Required action: The whole listing below should be printed again exactly, with no images.

Data block:
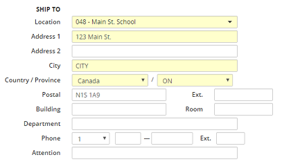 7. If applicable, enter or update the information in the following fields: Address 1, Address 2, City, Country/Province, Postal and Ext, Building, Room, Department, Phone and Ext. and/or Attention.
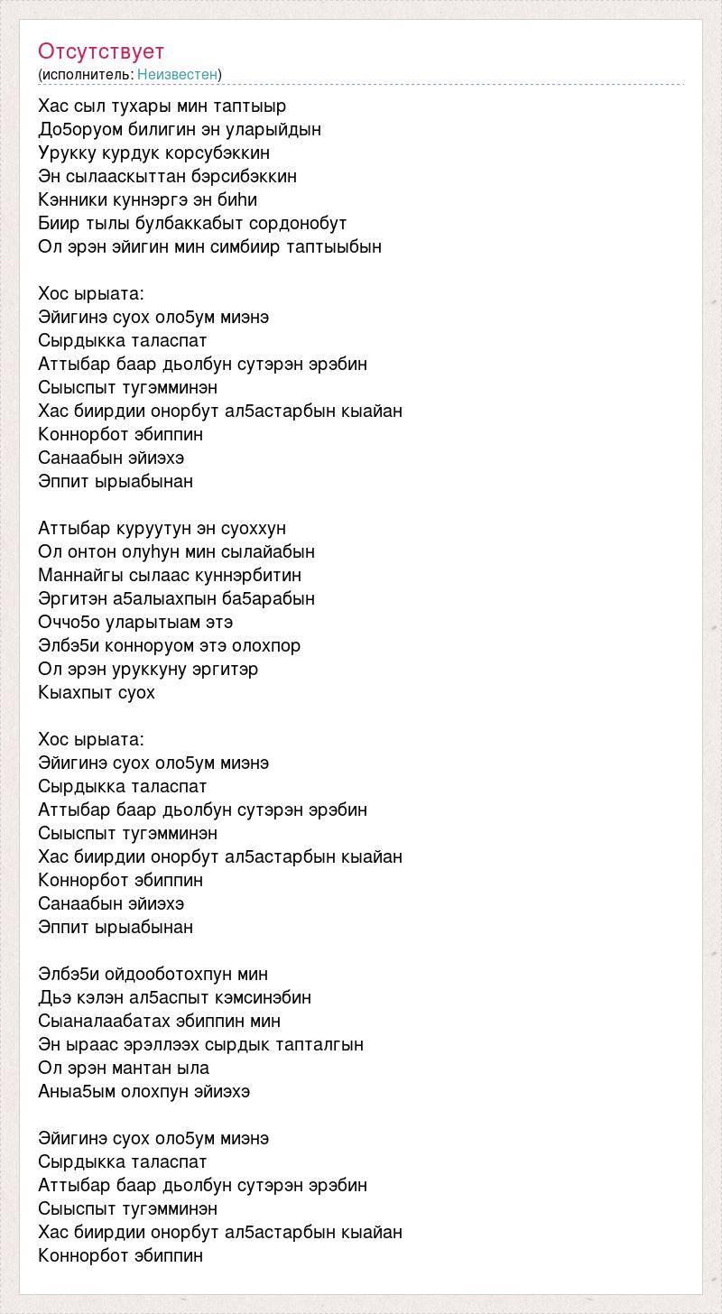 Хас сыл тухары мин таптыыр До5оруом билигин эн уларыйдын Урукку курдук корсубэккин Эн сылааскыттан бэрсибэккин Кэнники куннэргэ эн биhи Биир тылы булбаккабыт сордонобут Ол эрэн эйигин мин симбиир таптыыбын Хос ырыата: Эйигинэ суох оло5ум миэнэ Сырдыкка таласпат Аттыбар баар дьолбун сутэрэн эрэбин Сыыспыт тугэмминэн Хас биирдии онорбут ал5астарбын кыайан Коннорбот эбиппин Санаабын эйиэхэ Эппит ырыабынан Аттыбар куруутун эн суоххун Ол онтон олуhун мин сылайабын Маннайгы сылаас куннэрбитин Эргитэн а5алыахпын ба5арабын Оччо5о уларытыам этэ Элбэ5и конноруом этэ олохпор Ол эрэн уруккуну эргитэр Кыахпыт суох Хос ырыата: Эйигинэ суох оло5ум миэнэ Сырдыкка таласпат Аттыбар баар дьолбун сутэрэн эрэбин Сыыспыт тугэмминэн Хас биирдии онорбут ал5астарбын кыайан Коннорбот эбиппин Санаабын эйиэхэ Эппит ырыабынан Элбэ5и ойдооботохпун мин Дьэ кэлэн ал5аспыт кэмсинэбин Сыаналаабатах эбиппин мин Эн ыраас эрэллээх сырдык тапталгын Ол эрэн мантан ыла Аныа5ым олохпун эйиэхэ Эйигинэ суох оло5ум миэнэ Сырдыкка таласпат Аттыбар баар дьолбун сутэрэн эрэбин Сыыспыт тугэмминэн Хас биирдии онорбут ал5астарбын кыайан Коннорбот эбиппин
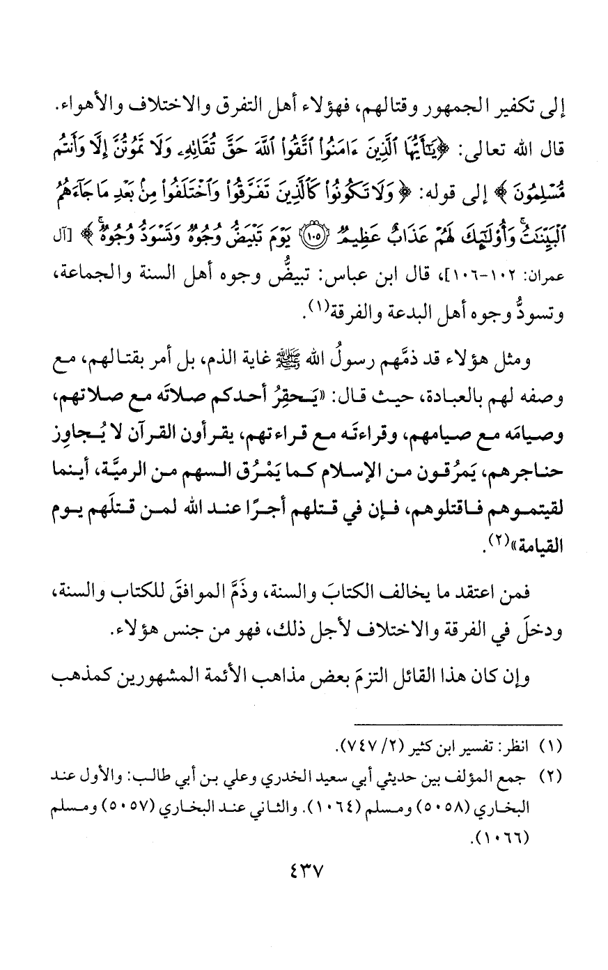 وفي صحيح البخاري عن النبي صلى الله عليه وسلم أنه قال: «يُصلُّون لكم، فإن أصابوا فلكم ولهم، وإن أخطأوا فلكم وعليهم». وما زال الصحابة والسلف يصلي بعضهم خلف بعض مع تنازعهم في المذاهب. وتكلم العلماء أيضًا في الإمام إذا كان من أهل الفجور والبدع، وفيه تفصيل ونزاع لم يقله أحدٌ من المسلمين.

Exercise response:
 7. If applicable, enter or update the information in the following fields: Address 1, Address 2, City, Country/Province, Postal and Ext, Building, Room, Department, Phone and Ext. and/or Attention.
 Хас сыл тухары мин таптыыр До5оруом билигин эн уларыйдын Урукку курдук корсубэккин Эн сылааскыттан бэрсибэккин Кэнники куннэргэ эн биhи Биир тылы булбаккабыт сордонобут Ол эрэн эйигин мин симбиир таптыыбын Хос ырыата: Эйигинэ суох оло5ум миэнэ Сырдыкка таласпат Аттыбар баар дьолбун сутэрэн эрэбин Сыыспыт тугэмминэн Хас биирдии онорбут ал5астарбын кыайан Коннорбот эбиппин Санаабын эйиэхэ Эппит ырыабынан Аттыбар куруутун эн суоххун Ол онтон олуhун мин сылайабын Маннайгы сылаас куннэрбитин Эргитэн а5алыахпын ба5арабын Оччо5о уларытыам этэ Элбэ5и конноруом этэ олохпор Ол эрэн уруккуну эргитэр Кыахпыт суох Хос ырыата: Эйигинэ суох оло5ум миэнэ Сырдыкка таласпат Аттыбар баар дьолбун сутэрэн эрэбин Сыыспыт тугэмминэн Хас биирдии онорбут ал5астарбын кыайан Коннорбот эбиппин Санаабын эйиэхэ Эппит ырыабынан Элбэ5и ойдооботохпун мин Дьэ кэлэн ал5аспыт кэмсинэбин Сыаналаабатах эбиппин мин Эн ыраас эрэллээх сырдык тапталгын Ол эрэн мантан ыла Аныа5ым олохпун эйиэхэ Эйигинэ суох оло5ум миэнэ Сырдыкка таласпат Аттыбар баар дьолбун сутэрэн эрэбин Сыыспыт тугэмминэн Хас биирдии онорбут ал5астарбын кыайан Коннорбот эбиппин
 وفي صحيح البخاري عن النبي صلى الله عليه وسلم أنه قال: «يُصلُّون لكم، فإن أصابوا فلكم ولهم، وإن أخطأوا فلكم وعليهم». وما زال الصحابة والسلف يصلي بعضهم خلف بعض مع تنازعهم في المذاهب. وتكلم العلماء أيضًا في الإمام إذا كان من أهل الفجور والبدع، وفيه تفصيل ونزاع لم يقله أحدٌ من المسلمين.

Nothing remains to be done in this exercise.